Supplied material:
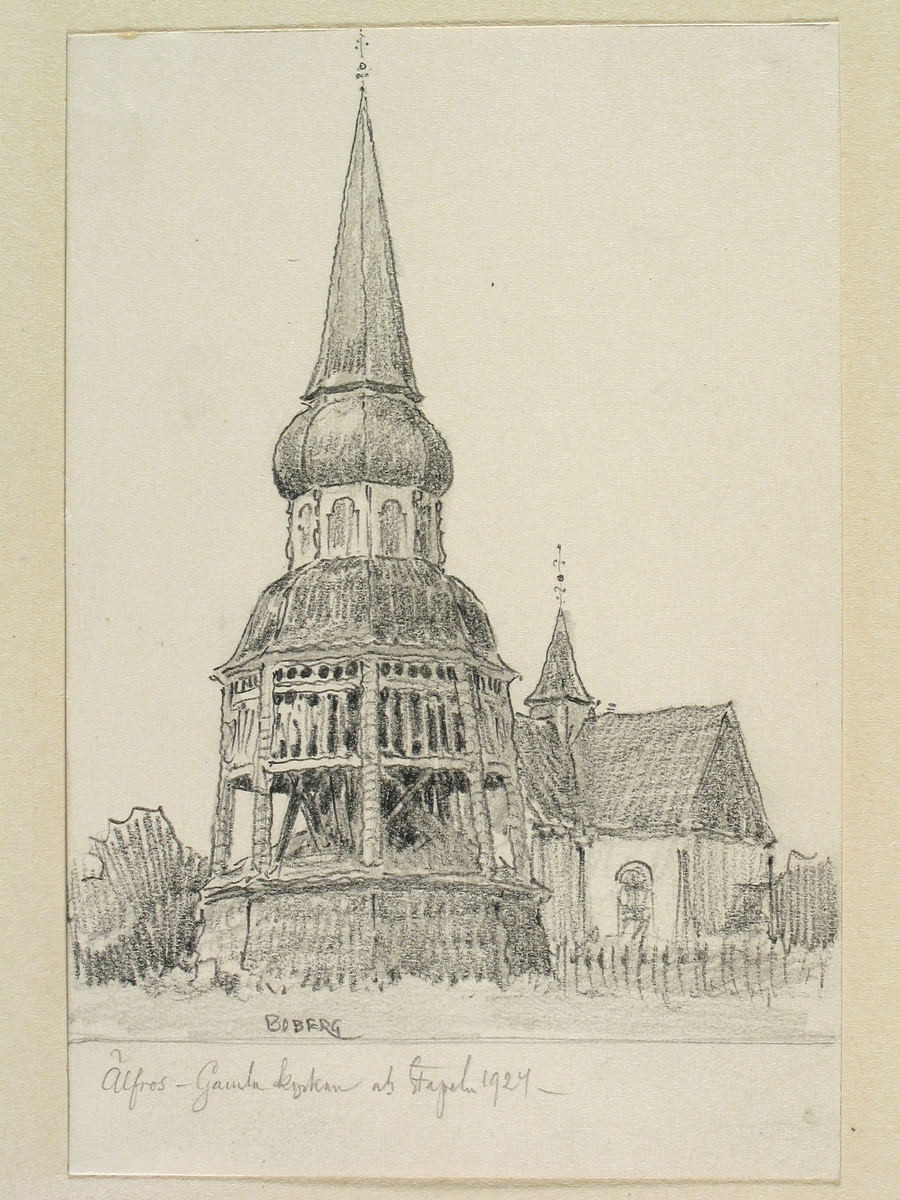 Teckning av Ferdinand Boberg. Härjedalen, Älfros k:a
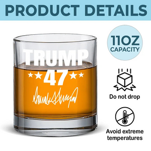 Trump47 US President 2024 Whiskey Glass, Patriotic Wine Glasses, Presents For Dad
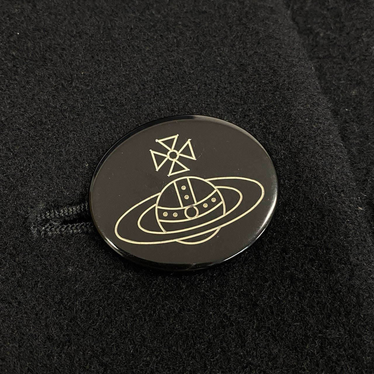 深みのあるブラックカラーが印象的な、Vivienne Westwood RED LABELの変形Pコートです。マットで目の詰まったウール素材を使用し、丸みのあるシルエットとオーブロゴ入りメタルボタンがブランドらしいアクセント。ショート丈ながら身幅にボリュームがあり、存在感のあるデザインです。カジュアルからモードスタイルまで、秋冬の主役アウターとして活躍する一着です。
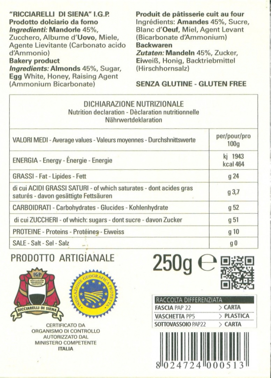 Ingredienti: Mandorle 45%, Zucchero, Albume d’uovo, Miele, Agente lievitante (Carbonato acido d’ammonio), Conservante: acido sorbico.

The problem: Print the complete listing exactly, apart from any pictures.

Output for this exercise:
 Teckning av Ferdinand Boberg. Härjedalen, Älfros k:a
 Trump47 US President 2024 Whiskey Glass, Patriotic Wine Glasses, Presents For Dad
 深みのあるブラックカラーが印象的な、Vivienne Westwood RED LABELの変形Pコートです。マットで目の詰まったウール素材を使用し、丸みのあるシルエットとオーブロゴ入りメタルボタンがブランドらしいアクセント。ショート丈ながら身幅にボリュームがあり、存在感のあるデザインです。カジュアルからモードスタイルまで、秋冬の主役アウターとして活躍する一着です。
 Ingredienti: Mandorle 45%, Zucchero, Albume d’uovo, Miele, Agente lievitante (Carbonato acido d’ammonio), Conservante: acido sorbico.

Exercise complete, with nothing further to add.